Canadian Consulting Engineer

Fire Safety: Bell Canada fire brings communications chaos

"No-one here has experienced anything like it, and some people have been around for 30 years," says Don Hogarth, the media relations manager at Bell Canada. He was commenting on the fire and subsequen...

August 1, 1999   Canadian Consulting Engineer

“No-one here has experienced anything like it, and some people have been around for 30 years,” says Don Hogarth, the media relations manager at Bell Canada. He was commenting on the fire and subsequent communications breakdown that hit downtown Toronto in July.

One fire in a switching station in the Simcoe Street station showed how dependent we have become on the communications infrastructure, and how vulnerable we are to just one breakdown in the system. The small fire that happened at 7.30 a.m. shut down over 100,000 telephones lines for almost eight hours.

The fire not only crippled businesses, but even left the city’s head of emergency services without a telephone. He had to move to a fire station to set up a temporary command post. Hospital emergency lines weren’t working and traffic lights were thrown off schedule. Travel agents, brokerages and telemarketing firms were brought to a standstill.

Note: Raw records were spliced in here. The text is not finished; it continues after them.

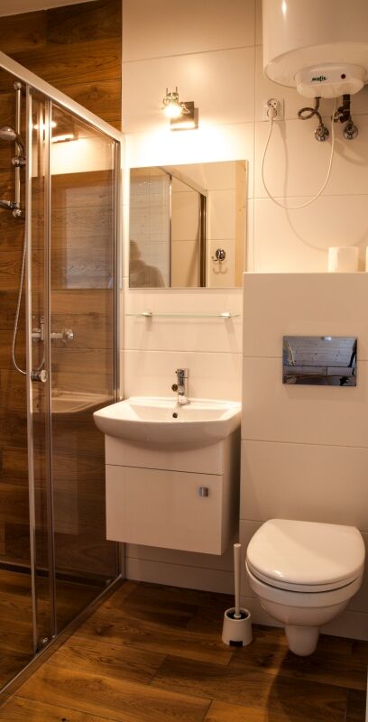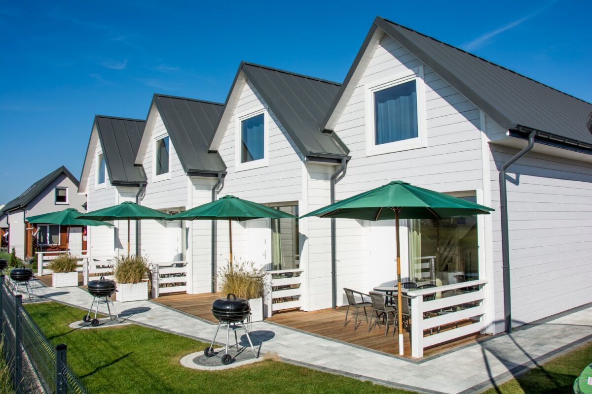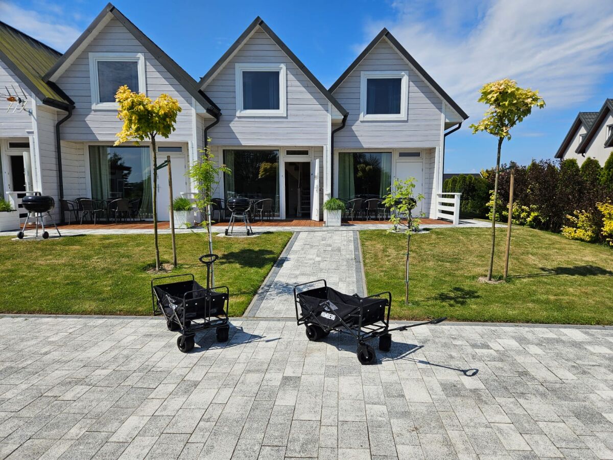 Na zewnątrz: przed każdym domkiem znajduje się duży taras z meblami ogrodowymi, oraz wyznaczone miejsce z grillem ( dla każdego domku do dyspozycji własny grill)
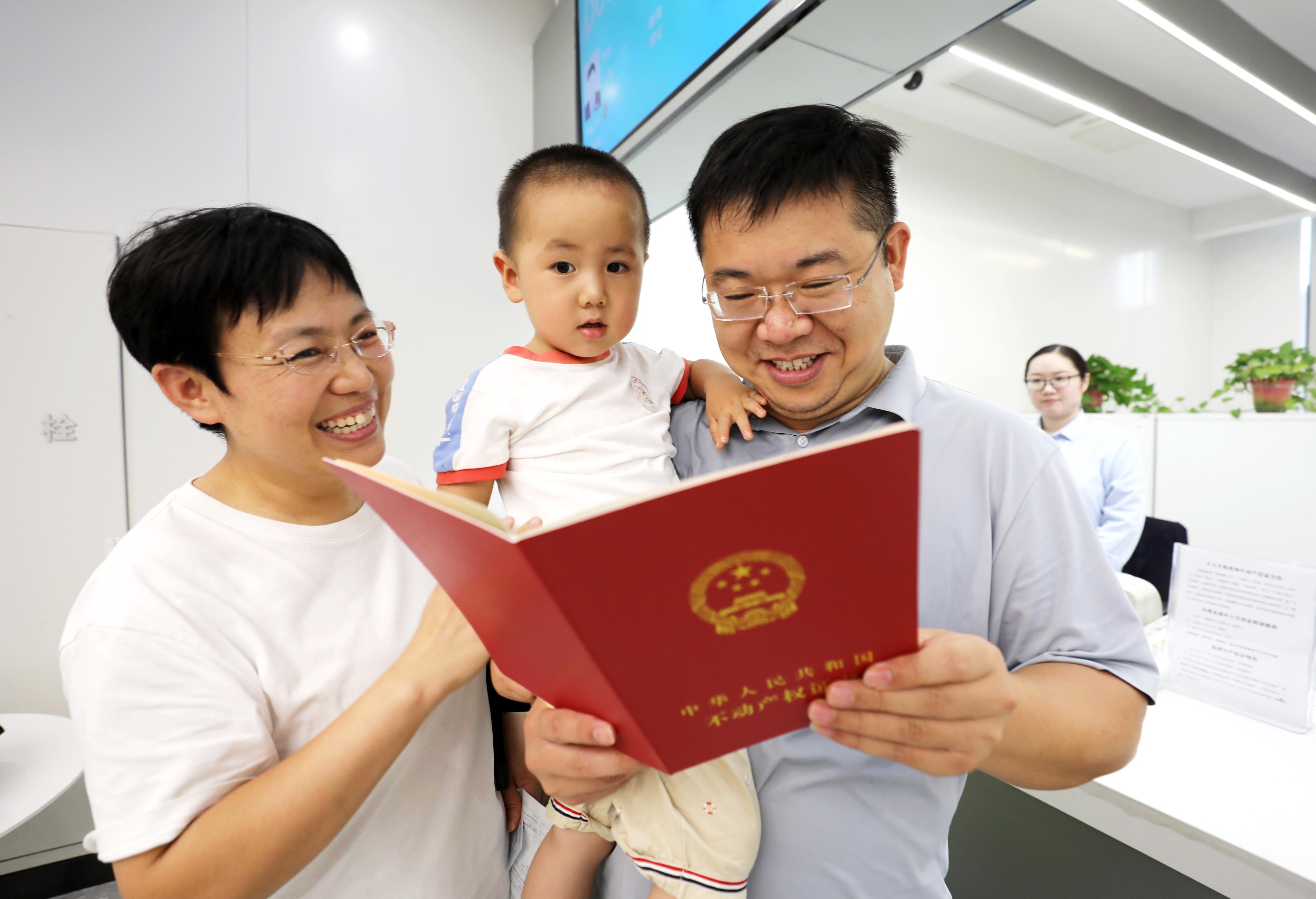 8月15日,在淮北市相山区政务中心不动产登记入学“绿色通道”,为孩子报名的陈先生一家拿到了刚刚办理的产权证书。本报通讯员 李鑫 摄
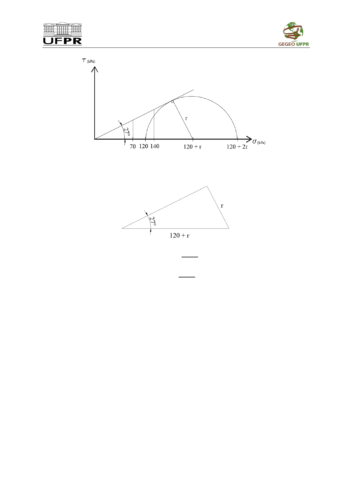 <p>Por trigonometria, determina-se o raio r:</p><p>sin 27° = 𝑟</p><p>120+𝑟</p><p>0, 45 ≈ 𝑟</p><p>120+𝑟</p><p>𝑟 = (120 + 𝑟) · 0, 45 ≈ 54 + 0, 45 𝑟</p><p>𝑟 − 0, 45 𝑟 ≈ 54</p><p>𝑟 ≈ 98</p><p>A tensão desviadora σd é o diâmetro do círculo de Mohr (igual à diferença entre as tensões</p><p>principais maior e menor ), sendo portanto igual a 2 r:σ</p><p>1</p><p>σ</p><p>3</p><p>σ</p><p>𝑑</p><p>= 2 𝑟 = 2 · 98</p><p>σ</p><p>𝑑</p><p>≈ 196 𝑘𝑃𝑎</p><p>97</p><p>Rev. 00 Out/2021</p>
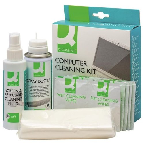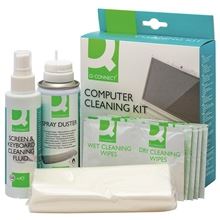 Sada na čištění obrazovek a klávesnic PC značky Q-Connect Obsahuje: 150 ml sprej, suché/mokré ubrousky, láhev 125 ml čisticího roztoku na obrazovky a suché absorpční kapesníčky
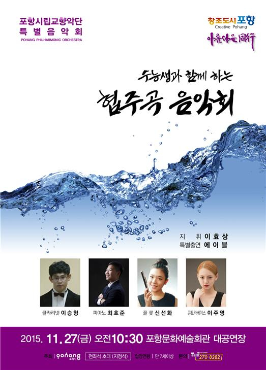 포항시립교향악단(예술단장 이재춘 부시장)은 27일 포항문화예술회관 대강당에서 수험생과 함께하는 협주곡 음악회를 개최한다.
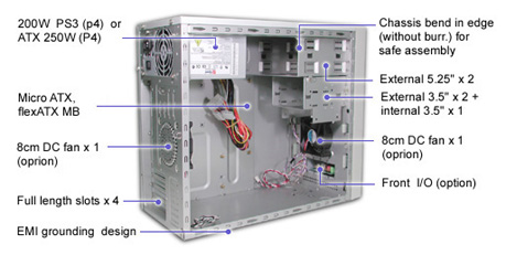Aopen H450A MINI TOWER 300W. Отделения: 3.5" *2/1(external/internal), 5.25" *2/0(external/internal), Совместимость: FlexATX/MicroATX. Ширина: 200 мм, Глубина: 430 мм, Высота: 355 мм
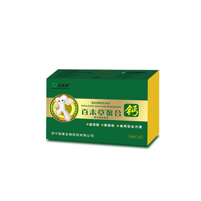 螯合钙是采用现代生物工程技术,将每两个氨基酸分子与一个钙离子在高压高频的特殊条件下精制而成。螯合钙分子结构稳定,钙原子与两个氨基酸分子中的氮原子以配位键相连,与羧基的氧原子以共价键相连,形成两个结构稳定的五圆环。由于螯合型氨基酸钙结构的特殊性,在胃腔里的钙仍以分子态形式存在而没有游离钙离子,所以其吸收性好;螯合钙溶解性好,能速溶于水,不用胃酸水解而加重胃的负担,胃舒服、无便秘;螯合钙对骨骼有特殊的亲和力,对骨的留存率是其他靶器官组织的七倍多;螯合钙是纯氨基酸螯合钙,已经使钙与氨基酸直接形成了螯合物,故不需要任何促进钙吸收的添加物;螯合钙属无糖氨基酸螯合钙。本品科学添加天门冬氨酸钙、低聚果糖等主要原料,采用现代生物技术精制而成的生物产品。
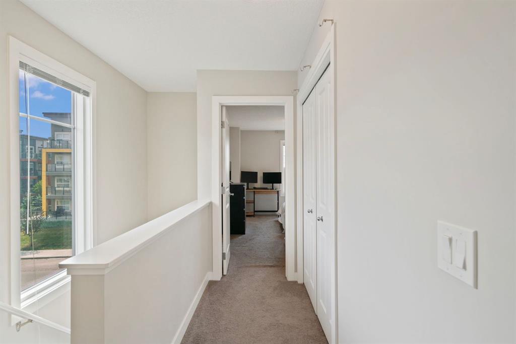 Welcome to this bright and stylish 2-bedroom, 2.5-bathroom townhome in the vibrant community of Seton. Offering approximately 1,300 sq ft of modern living space, this beautifully maintained home features an open-concept main floor that is perfect for both daily living and entertaining. The kitchen impresses with sleek dark cabinetry, stainless steel appliances, and a large island with seating. The spacious living and dining areas are flooded with natural light from oversized windows and open onto a private balcony—ideal for your morning coffee or summer BBQs. Upstairs, you’ll find two generously sized bedrooms, each with its own ensuite, providing the perfect setup for roommates, guests, or a home office. Upper floor laundry completes the upstairs level. The main floor also includes a convenient powder room, and the home offers the added benefit of an attached garage for secure parking and extra storage. Located just steps from South Health Campus, the YMCA, shopping, restaurants, and with easy access to major roadways, this home offers unbeatable convenience in one of Calgary’s fastest-growing neighbourhoods. Move in and enjoy everything Seton has to offer!
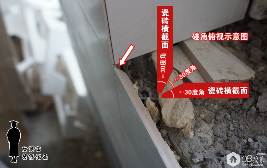 45度碰角其实并不是45度,真正的碰角施工绝对不能真的把瓷砖边缘切成45度,而是30度左右,只有这样,两片瓷砖的角之间才能留有空隙,用以填补砂浆或粘结剂。
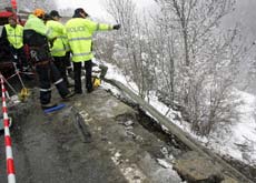 他们必须从出事地点利用绳索下到150米以下山谷中旅游车坠落的河床上进行救护。直升飞机将第一位受伤者就上来之后,中午时分就因恶劣的天气状况不得不停止飞行。
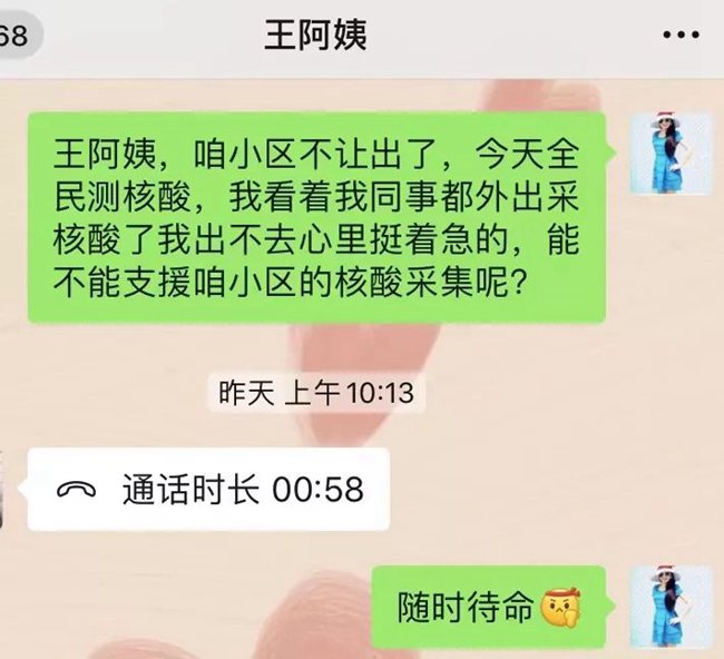 看到同事們紛紛出征,何娟心急如焚。得知所住社區(qū)要開展全員測(cè)核酸的任務(wù)時(shí),何娟立即和社區(qū)溝通,請(qǐng)纓作為志愿者參加小區(qū)居民核酸采集工作。
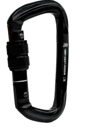 "D" com trava de rosca, desenvolvido para atividades em altura e resgate. Na cor
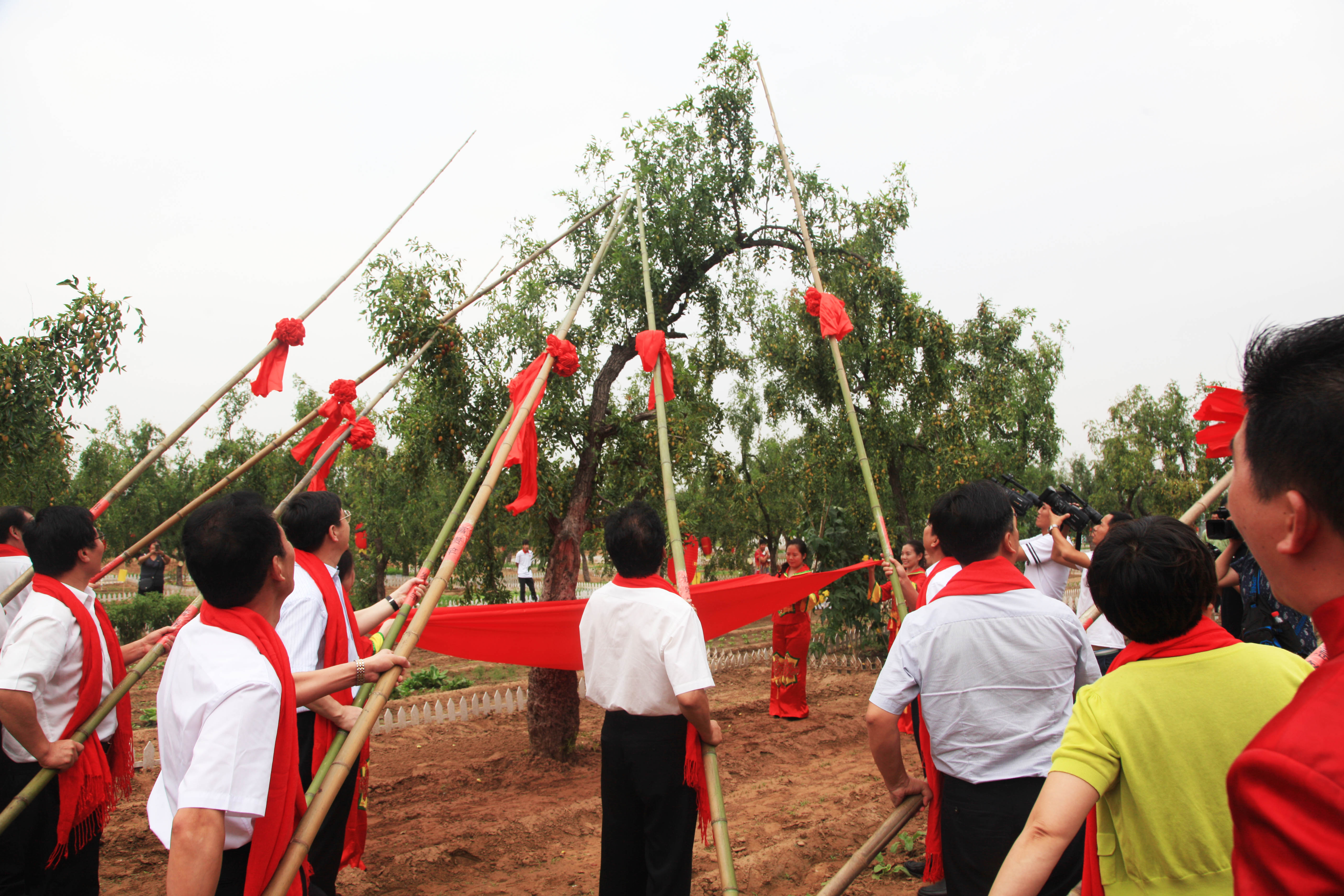 经过乐舞迎亲、躬身洗尘、敬献丝巾、选杆贺福、三杆请枣、枣献亲人六项仪程,嘉宾们在百年古枣树上落下了今秋打枣第一杆,用中华民族尊礼重道的传统传承着红枣文化,用枣乡人民热情淳朴的民风迎接八方宾客。
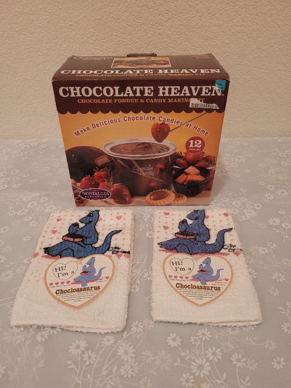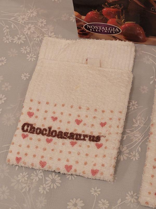 Lot 18: Chocolate Fondue Pot & Chocloasurus Handtowels

People were left short of cash as far away as Vancouver as automatic tellers across the country stopped working. Credit and debit cards were no good since store clerks could not process the transactions.

At the core of the crisis was the design of the building’s life safety system, which left the emergency generators virtually useless. The multi-storey building is fully sprinklered, so when the fire broke out in the battery room water flooded the floor. “Water and electricity don’t make a great mix,” Hogarth observes. Because it would have been dangerous to switch on the generators, Bell had to rely on batteries for back-up power. The batteries began failing after a few hours.

A safety design that disables emergency generators is not unusual but Bell is taking a second look at its fire-safety systems. According to one fire consultant, the July incident shows a basic anomaly in current building practice. On one hand the building code requires sprinklering, while on the other hand electrical inspectors are concerned about the hazard of mixing electricity and water. These competing interests are often not resolved.